Быть сознательным – это, прежде всего, чисто описательный термин, который опирается на самое непосредственное и надежное восприятие. Опыт показывает нам далее, что психический элемент, например представление, обыкновенно не бывает длительно сознательным. Наоборот, характерным является то, что состояние сознательности быстро проходит; представление в данный момент сознательное, в следующее мгновение перестает быть таковым, однако может вновь стать сознательным при известных, легко достижимых условиях. Каким оно было в промежуточный период – мы не знаем; можно сказать, что оно было скрытым (latent), подразумевая под этим то, что оно в любой момент способно было стать сознательным. Если мы скажем, что оно было бессознательным, мы также дадим правильное описание. Это бессознательное в таком случае совпадает со скрыто или потенциально сознательным. Правда, философы возразили бы нам: нет, термин "бессознательное" не может иметь здесь применения; пока представление находилось в скрытом состоянии, она вообще не было психическим. Но если бы уже в этом месте мы стали возражать им, то затеяли бы совершенно бесплодный спор о словах.

К термину или понятию бессознательного мы пришли другим путем, путем разработки опыта, в котором большую роль играет душевная динамика. Мы видели, т.е. вынуждены были признать, что существуют весьма напряженные душевные процессы или представления, – здесь, прежде всего, приходится иметь дело с некоторым количественным, т.е. экономическим, моментом – которые могут иметь такие же последствия для душевной жизни, как и все другие представления, между прочим, и такие последствия, которые могут быть сознаны опять-таки как представления, хотя в действительности и не становятся сознательными. Нет необходимости подробно повторять то, о чем уже часто говорилось. Достаточно сказать: здесь начинается психоаналитическая теория, которая утверждает, что такие представления не становятся сознательными потому, что им противодействует известная сила, что без этого они могли бы стать сознательными, и тогда мы увидели бы, как мало они отличаются от остальных общепризнанных психических элементов. Эта теория сказывается неопровержимой благодаря тому, что в психоаналитической технике нашлись средства, с помощью которых можно устранить противодействующую силу и довести соответствующие представления до сознания. Состояние, в котором они находились до осознания, мы называем вытеснением, а сила, приведшая к вытеснению и поддерживавшая его, ощущается нами во время нашей психоаналитической работы как сопротивление.

Понятие бессознательного мы, таким образом, получаем из учения о вытеснении. Вытесненное мы рассматриваем как типичный пример бессознательного. Мы видим, однако, что есть двоякое бессознательное: скрытое, но способное стать сознательным, и вытесненное, которое само по себе и без дальнейшего не может стать сознательным.
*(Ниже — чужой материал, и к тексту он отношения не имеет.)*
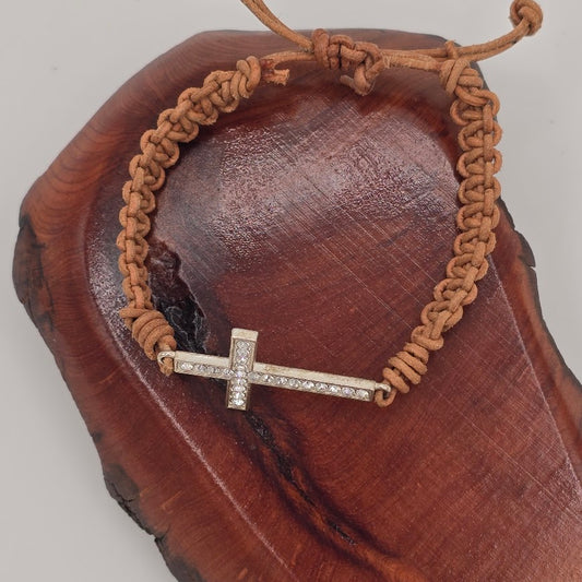 Macrame Crystal Cross on Natural Tan Leather Bracelet
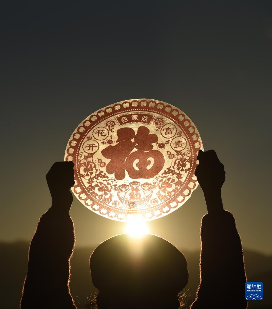 1月22日,在云南省大理州劍川縣馬登鎮文屏村,村民舉起福字,迎接新年第一縷陽(yáng)光,寓意“福迎新春”。
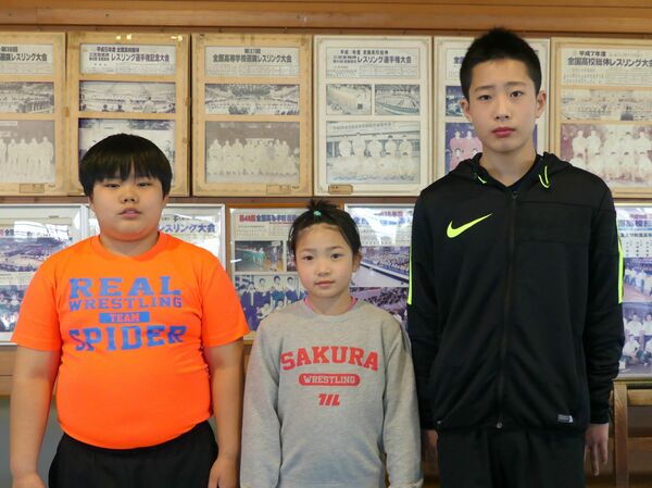 レスリングの全国大会で優勝をしている江泉 凌馬さん、滝田 いろはさん、坪井 大武さん(左から)
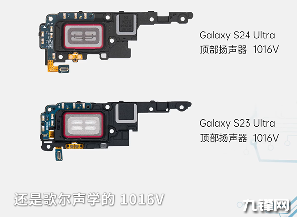 在音效方面,三星Galaxy S24 Ultra配置的是雙揚(yáng)聲器,它的頂部揚(yáng)聲器型號是歌兒聲學(xué)的1016V, 底部揚(yáng)聲器是多家供應(yīng)商提供的1014C。
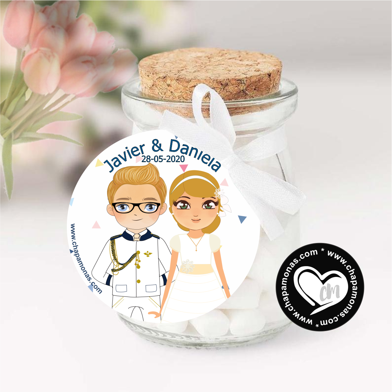 Tamaño disponible; 50mm y 60mm. Podrás elegir entre Etiquetas o pegatinas serán de alta calidad de impresión por un lado, la parte trasera ira en blanco. (No incluye cordón ).
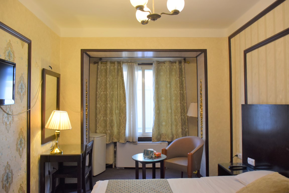 The hotel is located on Mofatteh Street, at the intersection with Taleghani Street, on the corner of Moeir Alley. Its central position allows easy access to many of Tehran’s cultural, historical, and entertainment sites. Nearby attractions include City Theater, Shahrzad Theater Complex, Marble Palace – Museum of Iranian Art, Moniriyeh Square, Sangelaj Theater, National Museum of the Holy Quran, Moghadam Museum House, Malek National Library and Museum, Valiasr Square, Milad Tower, Saei Park, Ab-o-Atash Park, Qasr Prison Garden Museum, Ministry of Interior Hall, Tabiat Bridge, Laleh Park, Carpet Museum of Iran, Museum of Communications, Ebrat Museum, Park-e Shahr, Mostofi al-Mamalek Historical House, Golestan Palace, Masoudieh Mansion, National Jewelry Museum, Glassware and Ceramic Museum of Iran, Amin al-Soltan Mansion, Artists’ Park, Tehran Museum of Contemporary Art, Negarestan Garden Museum, and more.

Наше знакомство с психической динамикой не может не оказать влияния на номенклатуру и описание. Скрытое бессознательное, являющееся таковым только в описательном, но не в динамическом смысле, называется нами предсознательным; термин "бессознательное" мы применяем только к вытесненному динамическому бессознательному; таким образом, мы имеем теперь три термина: "сознательное" (bw), "предсознательное" (vbw) и "бессознательное" (ubw), смысл которых уже не только чисто описательный. Предсознательное (vbw) предполагается нами стоящим гораздо ближе к сознательному (bw), чем бессознательное, а так как бессознательное (ubw) мы назвали психическим, мы тем более назовем так и скрытое предсознательное (vbw). Почему бы нам, однако, оставаясь в полном согласии с философами и сохраняя последовательность, не отделить от сознательно-психического как предсознательное, так и бессознательное? Философы предложили бы нам тогда рассматривать и предсознательное и бессознательное как два рода или две ступени психоидного, и единение было бы достигнуто. Однако результатом этого были бы бесконечные трудности для изложения, а единственно значительный факт, что психоиды эти почти во всем остальном совпадают с признанно психическим, был бы оттеснен на задний план из-за предубеждения, возникшего еще в то время, когда не знали этих психоидов или самого существенного в них.
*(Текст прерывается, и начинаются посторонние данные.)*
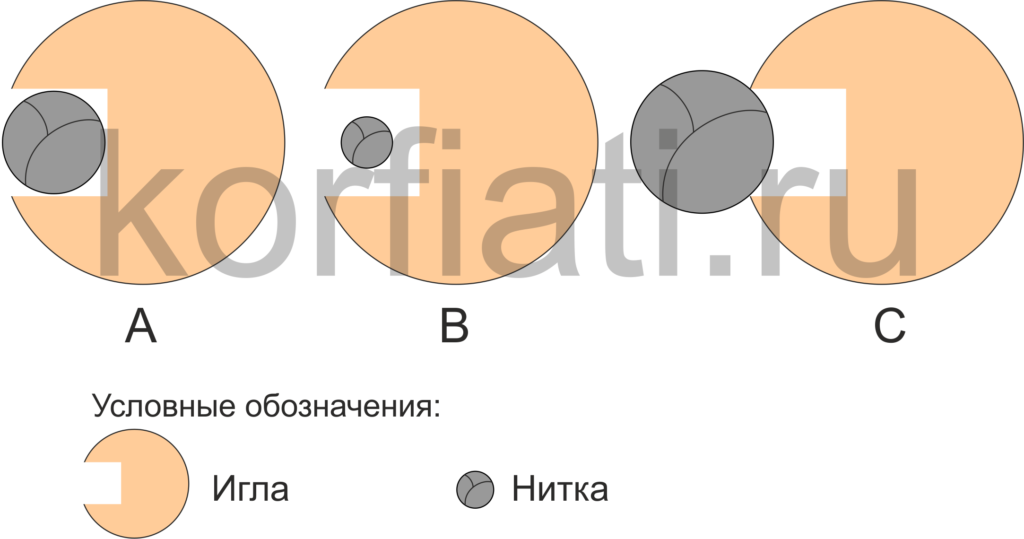 Если игла будет слишком толстой, нить будет находиться в желобке слишком свободно и возможен пропуск стежков и повреждение нити (рис. 1B).
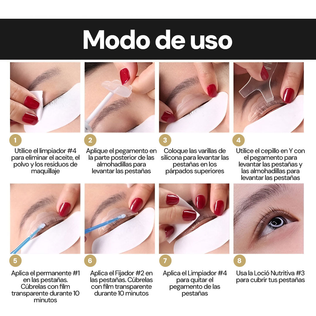 Sí, el kit está formulado con ingredientes suaves y seguros que no dañan tus pestañas. Además, incluye una loción nutritiva para mantenerlas hidratadas y saludables.
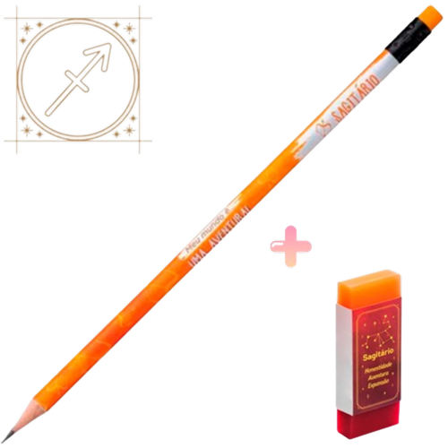 Kit de lápis preto grafite e Borracha Tris Signo Sagitário

Таким образом, мы с большим удобством можем обходиться нашими тремя терминами; bw, vbw и ubw, если только не станем упускать из виду, что в описательном смысле существует двоякое бессознательное, в динамическом же только одно. В некоторых случаях, когда изложение преследует особые цели, этим различием можно пренебречь, в других же случаях оно, конечно, совершенно необходимо. Вообще же мы достаточно привыкли к двойственному смыслу бессознательного и хорошо с ним справлялись. Избежать этой двойственности, поскольку я могу судить, невозможно; различие между сознательным и бессознательным есть, в конечном счете, вопрос восприятия, на который приходится отвечать или да или нет, самый же акт восприятия не дает никаких указаний на то, почему что-либо воспринимается или не воспринимается. Мы не вправе жаловаться на то, что динамическое в явлении может быть выражено только двусмысленно. Новейшее направление в критике бессознательного заслуживает быть здесь рассмотренным. Некоторые исследователи, не отказывающиеся от признания психоаналитических фактов, но не желающие признать бессознательное, находят выход из положения с помощью никем не оспариваемого факта, что и сознание как феномен дает возможность различать целый ряд оттенков интенсивности или ясности. Наряду с процессами, которые сознаются весьма живо, ярко и осязательно, нами переживаются также и другие состояния, которые лишь едва заметно отражаются в сознании, и наиболее слабо сознаваемые якобы суть те, которые психоанализ хочет обозначить неподходящим термином "бессознательное". Они-де в сущности тоже сознательны или "находятся в сознании" и могут стать вполне и ярко сознательными, если только привлечь к ним достаточно внимания.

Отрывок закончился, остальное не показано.